PROBLEM TO SOLVE:
Only one portion of the data is to be written out: from the line bearing "To know the" through the line bearing "قلندری. [ ق". Write it exactly as it appears.

PROVIDED ENTRIES:
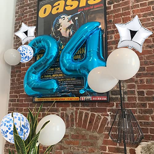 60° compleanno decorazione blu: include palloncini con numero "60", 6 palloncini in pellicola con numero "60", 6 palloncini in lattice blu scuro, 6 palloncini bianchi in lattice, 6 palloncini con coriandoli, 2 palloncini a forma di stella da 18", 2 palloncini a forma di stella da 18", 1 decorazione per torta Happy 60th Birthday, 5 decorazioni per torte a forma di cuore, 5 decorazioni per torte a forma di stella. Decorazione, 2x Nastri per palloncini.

==

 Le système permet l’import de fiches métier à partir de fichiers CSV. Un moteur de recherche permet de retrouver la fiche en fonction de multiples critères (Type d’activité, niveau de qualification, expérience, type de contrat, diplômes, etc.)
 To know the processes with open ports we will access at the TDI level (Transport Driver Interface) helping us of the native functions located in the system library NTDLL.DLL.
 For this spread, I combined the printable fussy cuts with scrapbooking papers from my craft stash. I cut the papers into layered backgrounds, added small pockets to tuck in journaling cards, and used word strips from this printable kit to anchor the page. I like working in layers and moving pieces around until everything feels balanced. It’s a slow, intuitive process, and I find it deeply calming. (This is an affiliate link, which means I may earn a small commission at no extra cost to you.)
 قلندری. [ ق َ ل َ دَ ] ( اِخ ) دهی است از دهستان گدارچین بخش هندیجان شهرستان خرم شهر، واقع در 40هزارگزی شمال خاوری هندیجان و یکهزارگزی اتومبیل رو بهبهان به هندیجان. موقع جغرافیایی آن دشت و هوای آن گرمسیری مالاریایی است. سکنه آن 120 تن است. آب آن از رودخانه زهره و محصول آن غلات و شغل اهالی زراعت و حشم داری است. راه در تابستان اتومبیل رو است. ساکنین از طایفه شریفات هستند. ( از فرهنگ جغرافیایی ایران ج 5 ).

TASK RESULT:
 To know the processes with open ports we will access at the TDI level (Transport Driver Interface) helping us of the native functions located in the system library NTDLL.DLL.
 For this spread, I combined the printable fussy cuts with scrapbooking papers from my craft stash. I cut the papers into layered backgrounds, added small pockets to tuck in journaling cards, and used word strips from this printable kit to anchor the page. I like working in layers and moving pieces around until everything feels balanced. It’s a slow, intuitive process, and I find it deeply calming. (This is an affiliate link, which means I may earn a small commission at no extra cost to you.)
 قلندری. [ ق َ ل َ دَ ] ( اِخ ) دهی است از دهستان گدارچین بخش هندیجان شهرستان خرم شهر، واقع در 40هزارگزی شمال خاوری هندیجان و یکهزارگزی اتومبیل رو بهبهان به هندیجان. موقع جغرافیایی آن دشت و هوای آن گرمسیری مالاریایی است. سکنه آن 120 تن است. آب آن از رودخانه زهره و محصول آن غلات و شغل اهالی زراعت و حشم داری است. راه در تابستان اتومبیل رو است. ساکنین از طایفه شریفات هستند. ( از فرهنگ جغرافیایی ایران ج 5 ).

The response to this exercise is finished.